Parsing Issue handling self closing html tag
sjawaji opened this issue · comments
Looks there is some issue parsing self closing html tags. Not sure if this is a known issue.
package main
import (
"fmt"
"github.com/microcosm-cc/bluemonday"
)
func main() {
p := bluemonday.NewPolicy()
p.AllowElements("p")
htmlPayload := `<html xmlns="http://www.w3.org/1999/xhtml"><head><title/></head><body><p>body</p></body></html>`
body := p.Sanitize(htmlPayload)
fmt.Println(body)
}
Result:
</head><body><p>body</p></body></html>
If I remove the self closing title <title/>
tag from the payload, then it is working fine and output is as expected.
<p>body</p>
Garbage in, garbage out applies.
https://developer.mozilla.org/en-US/docs/Web/HTML/Element/title
Both opening and closing tags are required.

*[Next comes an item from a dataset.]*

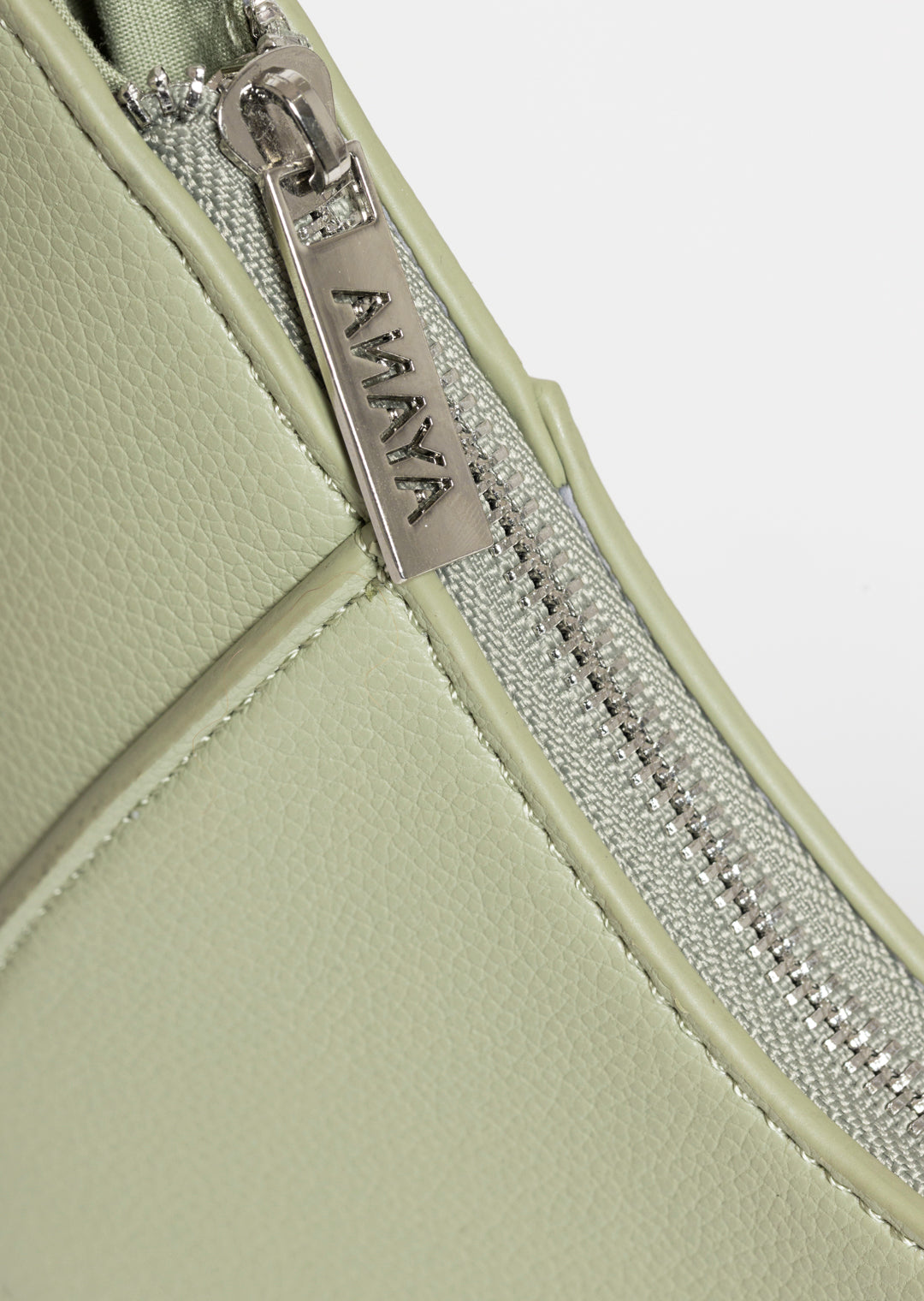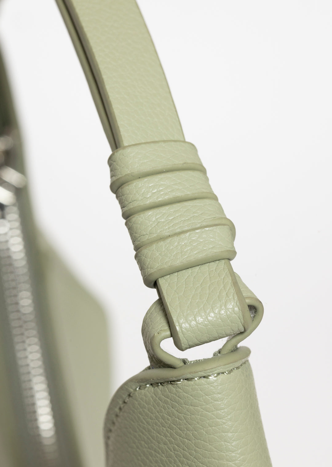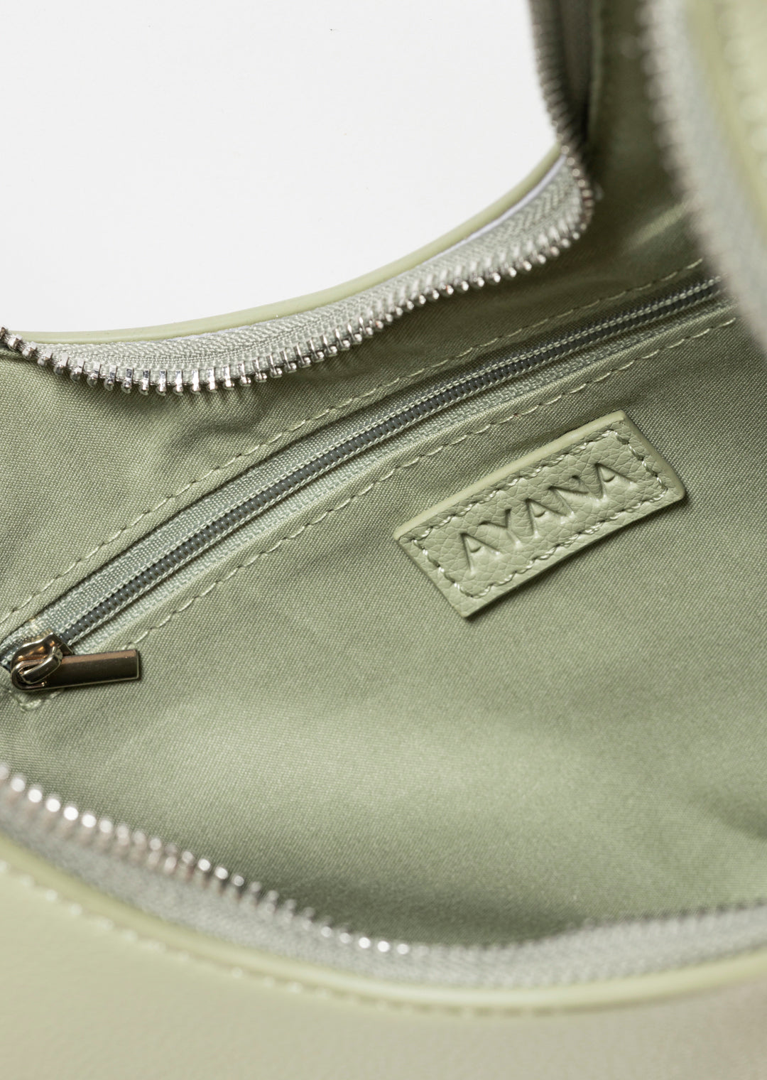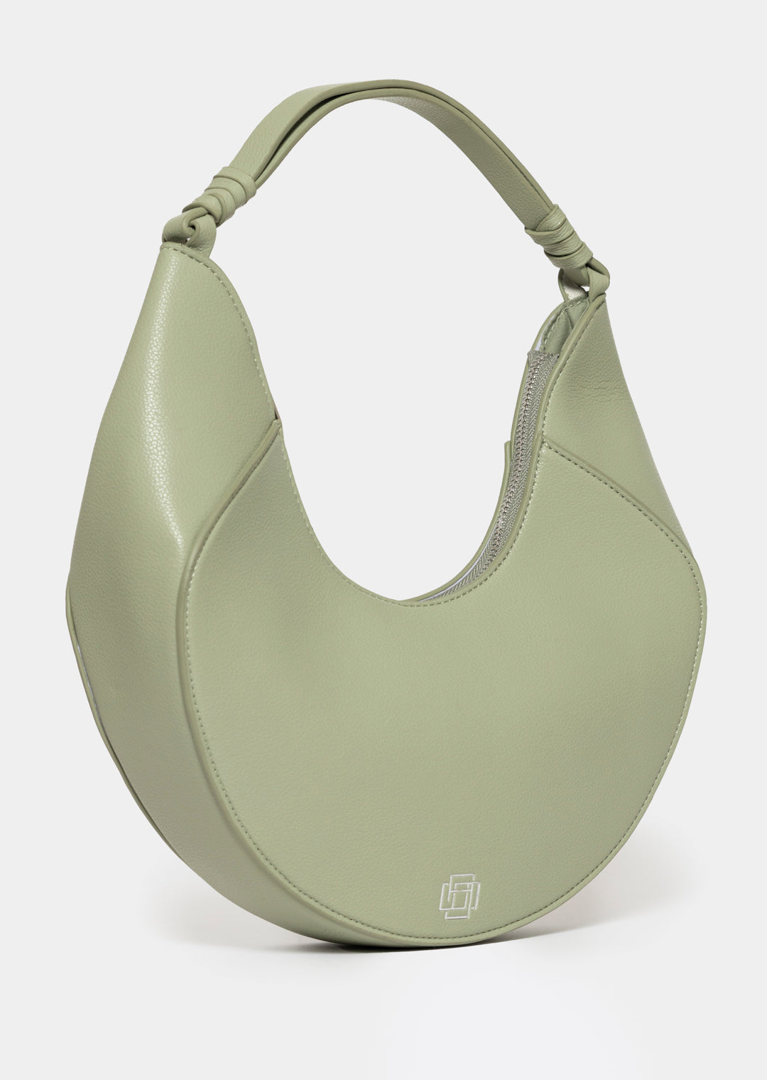 A modern statement piece defined by its sculptural round silhouette and meticulous panel lines accentuated with topstitching. The design features a gleaming gold zip with a branded puller, complemented by subtle gold embossed branding on the front. Inside, a spacious lined interior offers practical elegance, complete with a pocket adorned with a branded patch label.

Note that leaving off </title> should cause the browser to ignore the rest of the page.
That is indeed what happens, the rest of the page is ignored (as HTML) and thus just escaped to make it safe.
Valid HTML is expected, but if not then bluemonday will make it safe to display within a HTML page (from an XSS perspective).
You should either omit the title
tag or close it as per HTML specification.
This behaviour in bluemonday, comes from the go/x/html package but it is correct.